Provided data.
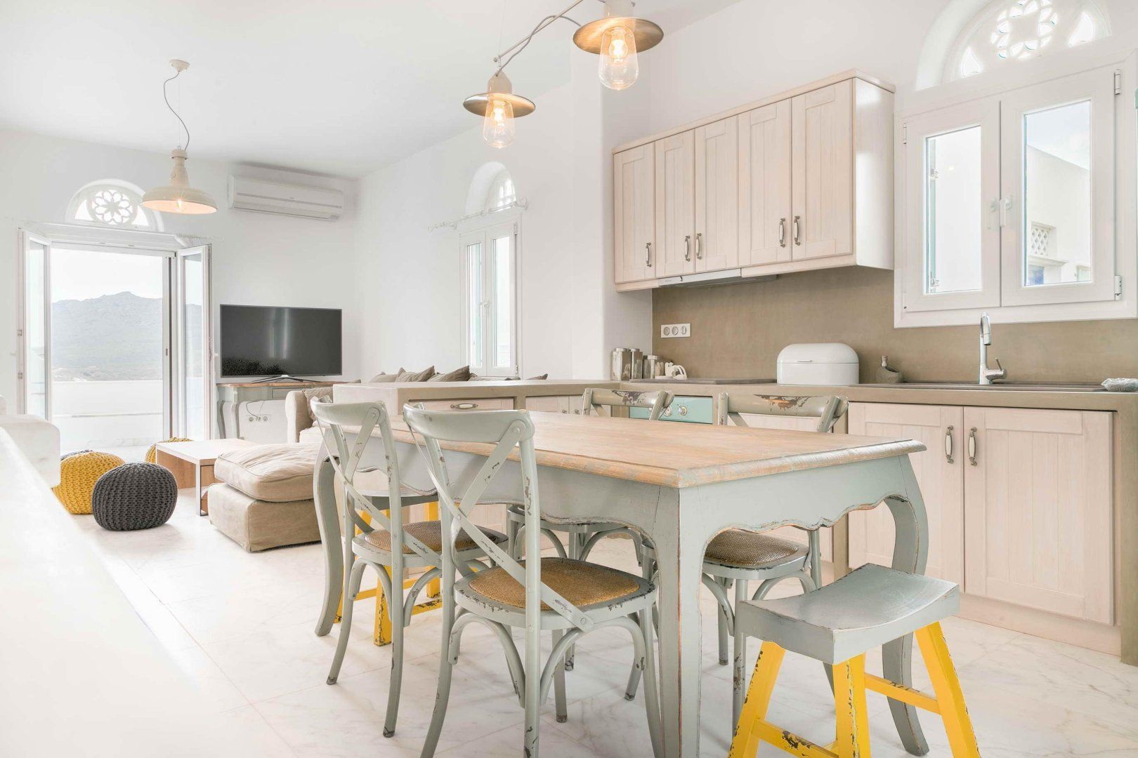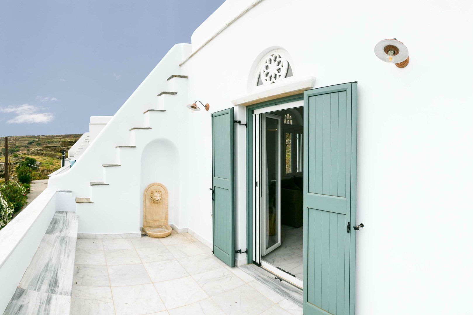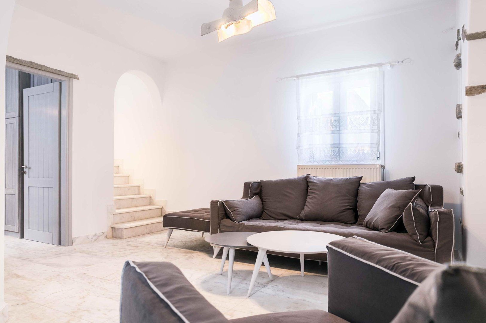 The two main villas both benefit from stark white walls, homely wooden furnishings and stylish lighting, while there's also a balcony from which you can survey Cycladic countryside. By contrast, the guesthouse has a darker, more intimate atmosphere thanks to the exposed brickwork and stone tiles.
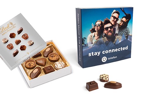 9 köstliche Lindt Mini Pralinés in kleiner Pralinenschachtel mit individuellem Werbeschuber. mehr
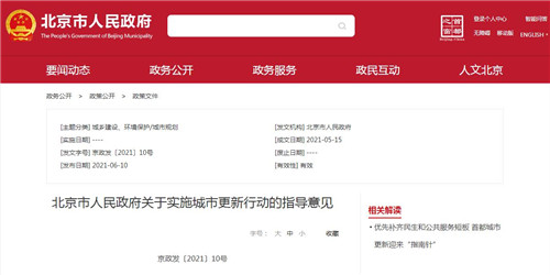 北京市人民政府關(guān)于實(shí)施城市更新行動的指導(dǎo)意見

What the task requires. Write out exactly the lines from the line that contains "9 köstliche Lindt" through the end of the material, including both ends. No pictures belong in the copy.

Task answer.
 9 köstliche Lindt Mini Pralinés in kleiner Pralinenschachtel mit individuellem Werbeschuber. mehr
 北京市人民政府關(guān)于實(shí)施城市更新行動的指導(dǎo)意見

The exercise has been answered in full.